The following dependencies are required and must be installed separately:

Python 3 (used to run our programs)
Aria2 (used to speed up downloading Wikipedia dumps)
WikiExtractor (used to extract plain text from Wikipedia dumps)

Then run git clone https://github.com/thuzhf/FastKATE.git to download this repository to your computer (with the same name). For convenience, please put WikiExtractor and FastKATE under the same parent directory, and we denote this parent directory as <PARENT> in the following steps.

Download and Preprocess Wikipedia Dumps

Since our model utilizes Wikipedia dumps, thus we need to download these data first. We choose Wikipedia dumps of timestamp 20170901 as our example in the following steps. Available timestamps can be found here.

Run cd <PARENT> to enter into the parent directory of FastKATE.
Run python3 -m FastKATE.src.wiki_downloader 20170901 ./wikidata/ all will help you download all possibly needed data of Wikipedia of timestamp 20170901 into the directory ./wikidata/. For quick help, run python3 -m FastKATE.src.wiki_downloader -h.
Decompress all downloaded Wikipedia dumps to the ./wikidata/ with the same name (without suffixes such as .gz and .bz2).
Run python3 wikiextractor/WikiExtractor.py -o ./wikidata/preprocessed/ -b 64M --no-templates ./wikidata/enwiki-20170901-pages-articles-multistream.xml to preprocess downloaded wikidata. For quick help, run python3 wikiextractor/WikiExtractor.py -h.

Generate Topic Embeddings

Run cd <PARENT> to enter into the parent directory of FastKATE.
Run python3 -m FastKATE.src.topic_embeddings 20170901 ./wikidata/ to extract candidate topics (in the form of phrases) from wikidump data and generate vector representations of each topic. For quick help, run: python3 -m FastKATE.src.topic_embeddings -h.
A pretrained topic embeddings model (which is trained using the wikidump of timestamp 20161201 and used in our paper) can be downloaded here (including 3 files; you should download all 3 files and put them in the same folder if you want to use the pretrained model).
Actually our code can be easily modified to train topic embeddings on different datasets other than Wikipedia used here. For those who really want to do this, please refer to the source code for more details.

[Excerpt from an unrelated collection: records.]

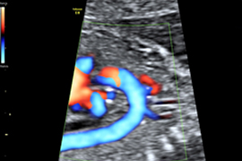 In der 20. Schwangerschaftswoche ist das kindliche Herz etwa so groß wie eine Himbeere – und trotzdem können wir bereits die Kammern und Herzklappen und die zu- und abführenden Blutgefäße darstellen!
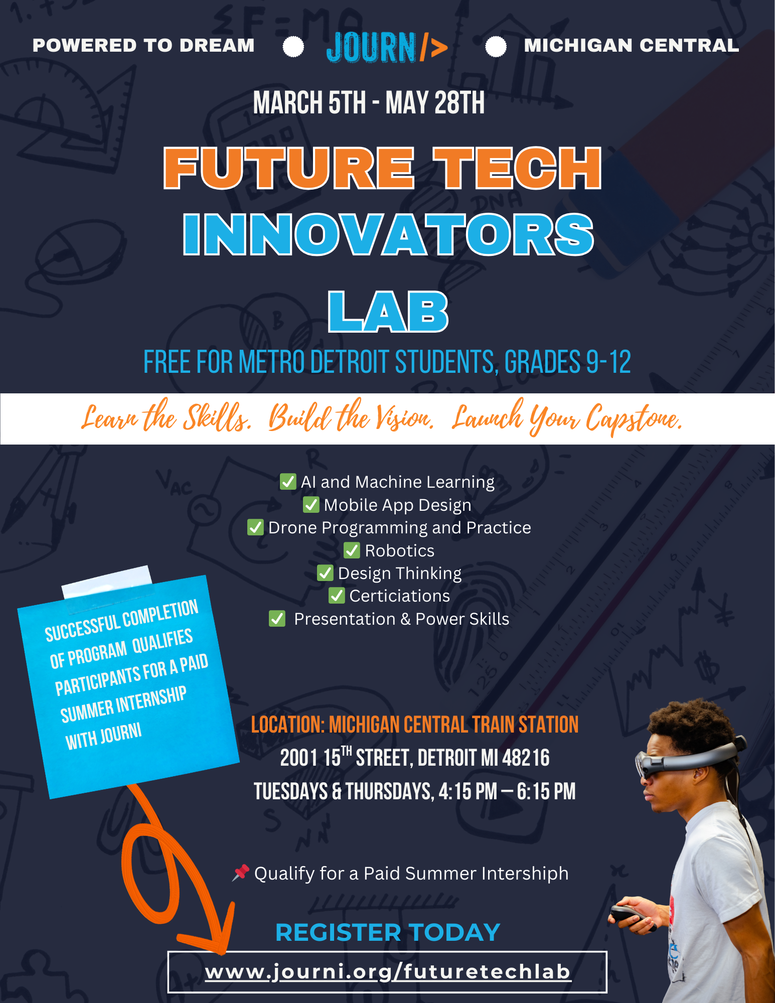 Future Tech Innovators Lab is a 12-week hands-on STEM and entrepreneurship program for Detroit high school students. Participants explore Artificial Intelligence, Machine Learning, Drones, Robotics, and 3D Printing while building leadership and professional skills. Students engage in real-world projects, connect with industry professionals and gain exposure to high-growth tech careers.
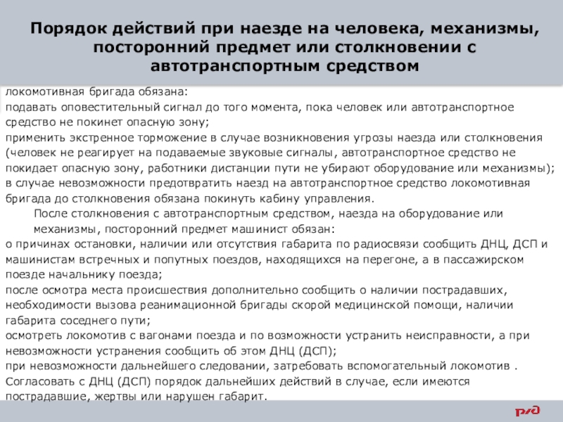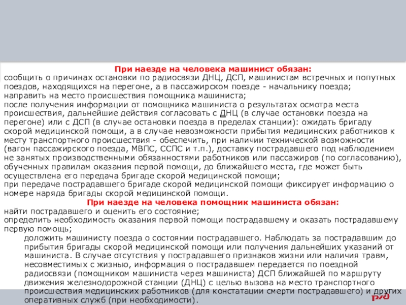 доложить машинисту поезда о состоянии пострадавшего. Наблюдать за пострадавшим до прибытия бригады скорой медицинской помощи или получения дальнейших указаний от машиниста. В случае отсутствия у пострадавшего признаков жизни или наличия травм, несовместимых с жизнью, информация о пострадавшем передается по поездной радиосвязи (помощником машиниста через машиниста) ДСП ближайшей по маршруту движения железнодорожной станции (ДНЦ) с целью вызова на место транспортного происшествия медицинских работников (для констатации смерти пострадавшего) и других оперативных служб (при необходимости).
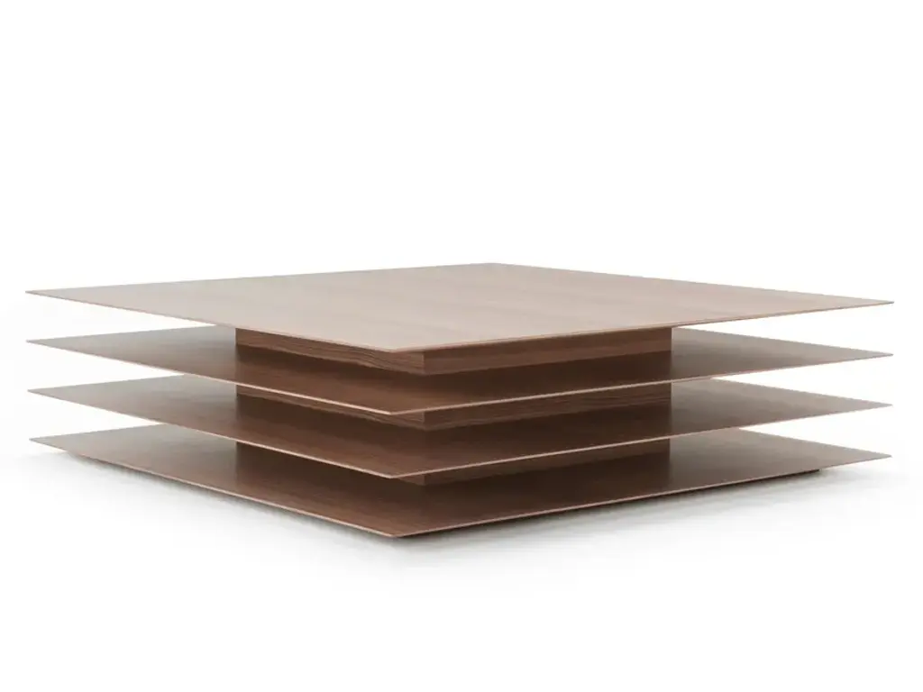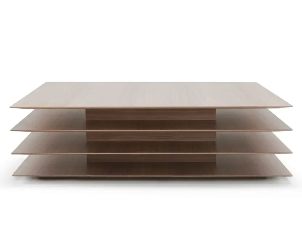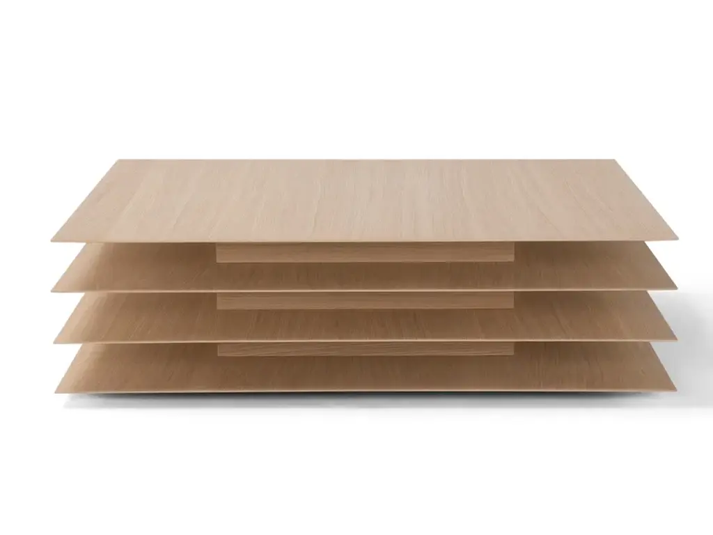 As the famous cake of puff pastry to which it owes its name, the Millefoglie table consists of overlapping levels that create an elegant play of volumes in perfect equilibrium in the space. Lightness and strength fuse together in Millefoglie claiming a central role as a protagonist in the environment in which it is placed. A polished design element that performs the dual function of table top and original bookcase open on four sides. STRUCTURE: MDF and solid wood.
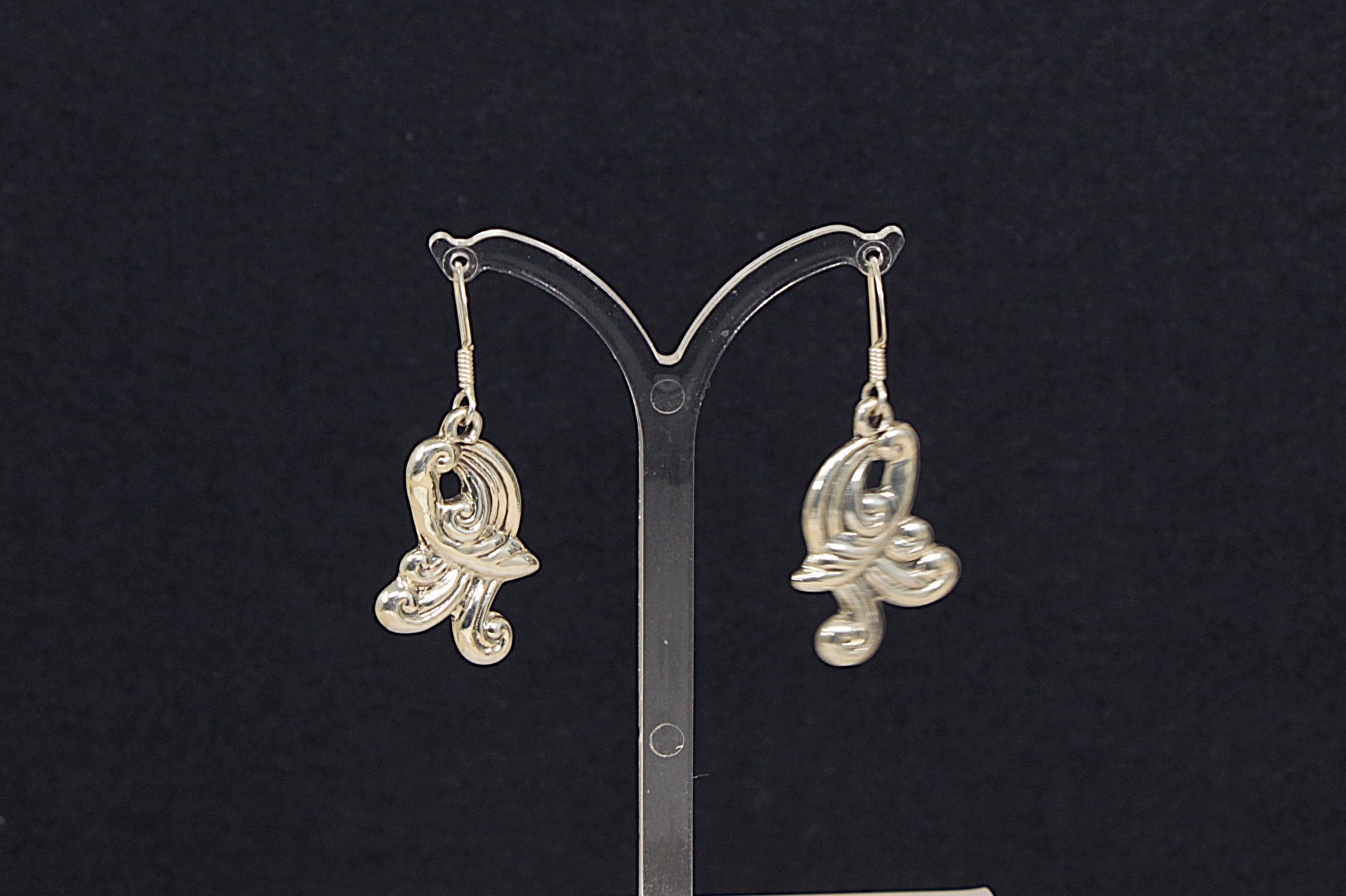 These stunning handcrafted Mexican Silver dropper earrings feature a bold swirl and swag design that catches the light beautifully.
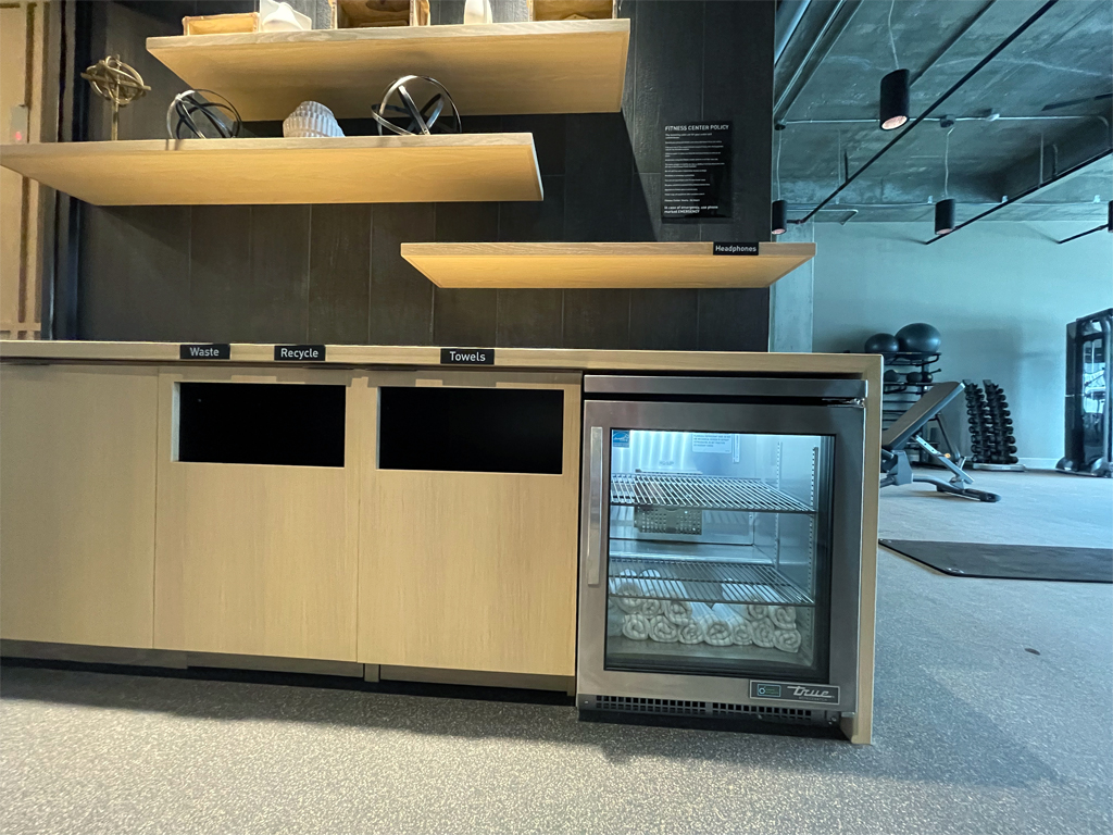 In einem kleinen Kühlschrank im Eingangsbereich liegen gekühlte Handtücher bereit. Nur Wasser suchte ich vergebens. Fast. Neben dem Kühlschrank befindet sich ein Schrank. Dieser war nicht abgeschlossen. Also öffnete ich ihn und fand eine Palette „Hotelwasser“ darin. Geht doch.
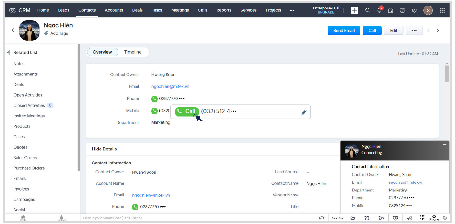 3. Thực hiện cuộc gọi nhanh chóng trong Zoho CRM, chỉ với thao tác Click vào biểu tượng gọi điện là đã có thể bắt đầu cuộc gọi:

Extract Category Structure from Wikipedia

Run cd <PARENT> to enter into the parent directory of FastKATE.
Run python3 -m FastKATE.src.taxonomy 20170901 ./wikidata/ to extract category structure from Wikipedia. For quick help, run: python3 -m FastKATE.src.taxonomy -h.
A file containing extracted category structure can be downloaded here (which is used in our paper).